In particular, the solution of Theranos provided both false positives and false negatives, which put at risk the lives of many patients at. In the end, Theranos required more than a single drop of blood to conduct the tests, but still less amount than the competition. However, the company diluted blood and ran the tests in machines from a different manufacturer (hence not employing even their product). Their accuracy numbers were forged by removing anomalous data points to increase the apparent performance.

[…] nearly 1 million lab tests had been run in California and Arizona. A significant proportion of these were erroneous; all had to be voided. An untold number of people were harmed by the erroneous results: some underwent unnecessary procedures, received misdiagnoses of serious conditions and experienced emotional turmoil. — (Topol 2018)

For example, a test for Lyme disease claimed a 97% “true positive rate” – a phrase with no clear public health meaning – but actually yielded mostly inaccurate results, according to a 2015 FDA review. A false positive for Lyme disease could mean unnecessary medications and a delayed diagnosis of true underlying conditions. — The Conversation

The Netflix show, The Dropout, addresses the rise and fall of Theranos and its founder Elizabeth Holmes and provides some hints on the issues that led to the development of a scam that put the lives of real people at risk. The show is based on the podcast from ABC News of the same name.

During the rise of Theranos, Elizabeth Holmes became famous and a symbol of enterprenaurship in the USA, with the technology and economic newspapers and magazines dedicating articles and covers to her. For instance, and article from Wired titled [This Woman Invented a Way to Run 30 Lab Tests on Only One Drop of Blood]](https://www.wired.com/2014/02/elizabeth-holmes-theranos/). In 2015, she was appointed a member of the Harvard Medical School Board of Fellows and was named one of Time magazine’s “Time 100 most influential people”.

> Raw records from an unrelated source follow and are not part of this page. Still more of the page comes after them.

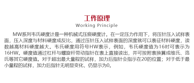 工作原理MW-20系列鋁合金系列韋氏硬度計(jì)是一種機(jī)械式壓痕硬度計(jì)。在一定壓力作用下,將壓針壓入試樣表面,壓針壓入試樣表面的深度與材料硬度成反比,通過(guò)杠桿與螺旋桿帶動(dòng)指針將壓入深度轉(zhuǎn)換為材料硬度值并在表盤(pán)上顯示出測(cè)量結(jié)果。韋氏硬度用符號(hào)HW表示,例如,韋氏硬度值為16時(shí)可表示為16HW。測(cè)得的韋氏硬度值可依據(jù)附表?yè)Q算成維氏、洛氏等其它硬度值。對(duì)于超出最大量程的試樣,加力后指針會(huì)指示在表盤(pán)滿刻度值20的位置;對(duì)于低于最小量程的試樣,加力后指針無(wú)明顯變化,仍顯示為0。
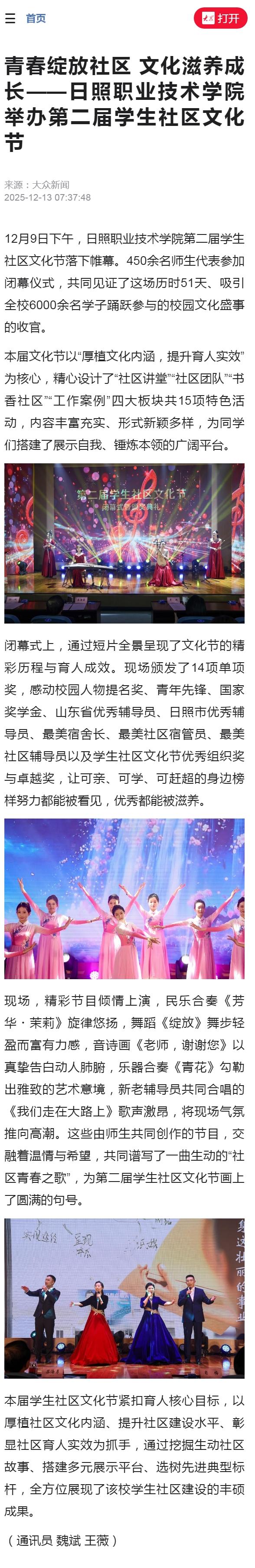 大众新闻客户端报道:青春绽放社区 文化滋养成长——日照职业技术学院举办第二届学生社区文化节
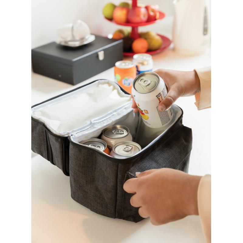 600D polyester cooler with handles and separate compartments. The roomy upper compartment is great for foods like fruit, snacks or cookies. The square bottom compartment is perfect to carry up to 6 cans of drinks. Front zippered pocket is perfect for small accessories such as keys.

On January 3, 2022, Holmes was found guilty on four counts of defrauding investors – three counts of wire fraud, and one of conspiracy to commit wire fraud. She was found not guilty on four counts of defrauding patients – three counts of wire fraud and one of conspiracy to commit wire fraud. The jury returned a “no verdict” on three counts of wire fraud against investors – the judge declared a mistrial on those counts and the government soon after agreed to dismiss them. Holmes is awaiting sentencing while remaining ‘at liberty’ on $500,000 bail, secured with property. She faces a maximum sentence of twenty years in prison, and a fine of $250,000, plus restitution, for each count of wire fraud and for each conspiracy count. The sentences would likely be served concurrently thus an effective maximum of 20 years total. Sentencing is scheduled for October 17, 2022. — Wikipedia

The company and its founders broke several ethical principles and standards such as honesty, integrity, and credibility. False statements were provided to investors, employees, partners and customers (See more at SF Magazine). Many Medical Doctors worked at Theranos, and one of their principles from the medical Hippocratic Oath is: primum non nocere, i.e. first do not to harm (or “I will abstain from all intentional wrong-doing and harm”). Wrong methodologies were employed, poor methods were used, and finally, wrong results were knowingly introduced on purpose into the system, reaching real people and jeopardising their lives.